A few months ago, we saw (in the local supermarkets frozen section) a a range of products called Quorn (pronounced “Corn” ) from the UK. These are corn-derived, non-soy, vegetarian “meat” options, and are priced around $8 for a pack. There is a good range of products, including sausage rolls, “chicken” and leek pies, “chicken” schnitzel, meatballs, and mince. So we (I) bought some to try.
The mince is actually quite mince-y in texture.
First, preheat the oven to 200degrees with the oven rack in the centre of the oven. I heat some oil in a frypan, add finely diced onion, some minced garlic, and a finely diced carrot. When that has cooked through and is transparent, I add about 200gm of the Quorn mince, and fry that together.
Then, sprinkle on some flour (I use a couple of dessertspoons worth) and mix that in. This will help to thicken the gravy. Add hot vegetable stock (250ml boiling water to 1 crumbled vege stock cube) a 1/4 – 1/3 C at a time and mix carefully until each addition thickens. Then add some dried herbs (I use dried rosemary and dried oregano or dried tarragon), and soy sauce (add to taste and for colour). I also add some frozen corn at this point. Keep tasting until the ideal mince mixture taste has been achieved. Remove from heat, and let cool, then refrigerate until cold.
Defrost some ready rolled puff pastry or pastry sheets. I find that each puff pastry sheet is slightly too big for the texas muffin tin that I cook my pies in, so cut probably about 5cm off each sheet. I also cut off baking paper to line each of the muffin tins with, and use these to base the pastry size on.
Line the tins with the baking paper, and then line again this time with the pastry sheet. Don’t worry about the amount of overhang of pastry – these will fold over to encase the filling.
Put a good sized spoonful of cold mince mix into each of the pastry-lined muffin tins, and top with about a tablespoon of grated cheese.
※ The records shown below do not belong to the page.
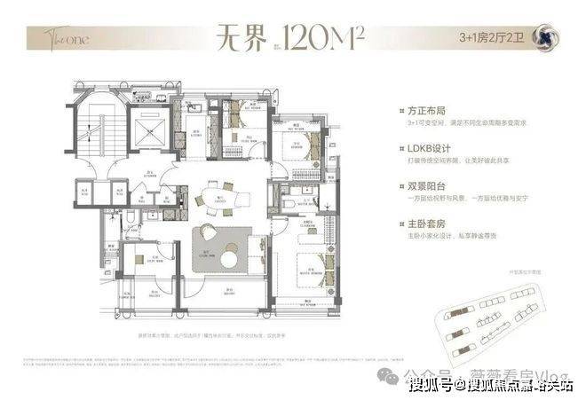以约13.95米的南向超大面宽为基调,主卧面宽升级至约4.15米,规划可自由定义的X灵动空间 ,可以是书房、茶室或琴房,伴随家庭全周期成长而演变,让每位家人都能获得精神的沉淀与自我的和解。 面宽约5.8米双厅则完全超越功能范畴 ,成为承载家族宴请、圈层社交的恢弘场域,尽显居者的格局与风范。 270°转角巨幕视野 ,将光、风与景致更大程度地引入室内。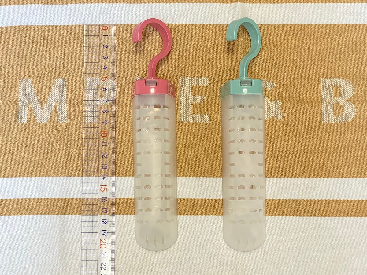 見た目はシンプルで、大きさも20cm弱とコンパクトで頼りなく見えるけど、とにかく使えるんです。これをクローゼットにかけておくだけでしっかり除湿してくれます。
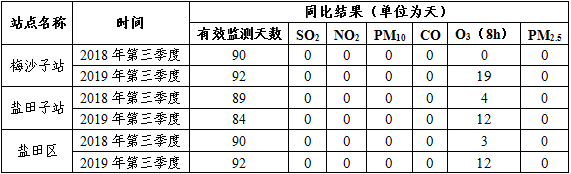 表3 2019年第三季度盐田区空气污染物超标天数与上年同期对比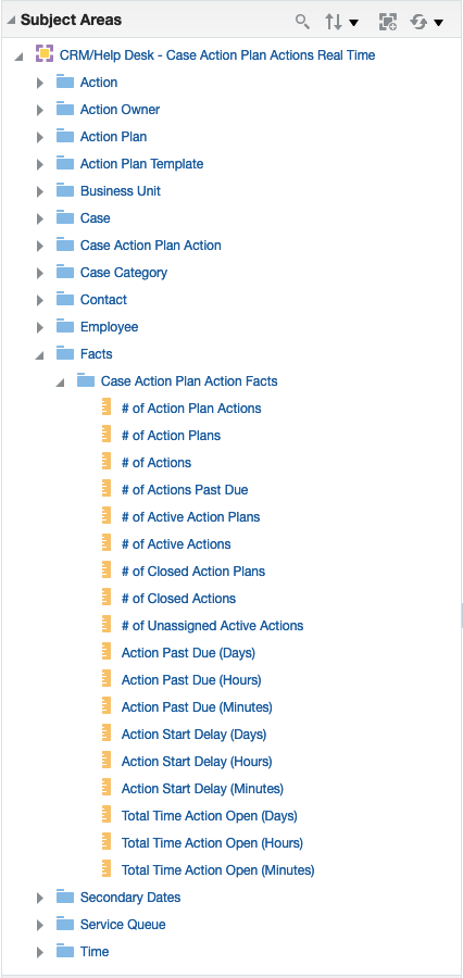 New Subject Area - CRM/Help Desk - Case Action Plan Actions Real Time is available for you to build your own analyses.

Wet the edges of the pastry, and fold first one side over the filling, and then the other, so the pie looks like a little envelope… Carefully cut 2 or 3 small slits in the top, and then brush with beaten egg. When all the tins are full, carefully slide the muffin tin into the oven and cook for about 25 – 40 minutes or until the tops, bottoms, and sides are browned (just carefully lift out a pie with the baking paper liner and check from 25/30 minutes). When cooked, life onto a cooling rack.
My normal mince mixture is treated the same way and has exactly the same ingredients, other than using chicken stock to make up the gravy instead of vegetable stock. I also used 250gm pork mince and 250gm beef mince this time (to use up the finally defrosted mince that I was planning on using for the burgers the other day)
If you run out of “large” pastry to make the Muffin Pies with, I use the 5cm strips that I have cut off to make pasties..
Gently peel some of the plastic liner back about 1cm on one long edge of the pastry strip. Place that onto another long edge, and press them together firmly. Lay a spoonful of mince in the middle and top with some grated cheese. Moisten all edges of the pastry. Fold one side up to cover the mince, and press the pastry edges together firmly. Repeat with the other side. Cut 2 or 3 slits in the top, and brush with the egg wash. Bake at 200 degrees for 30 minutes until browned top and bottom. Let cool.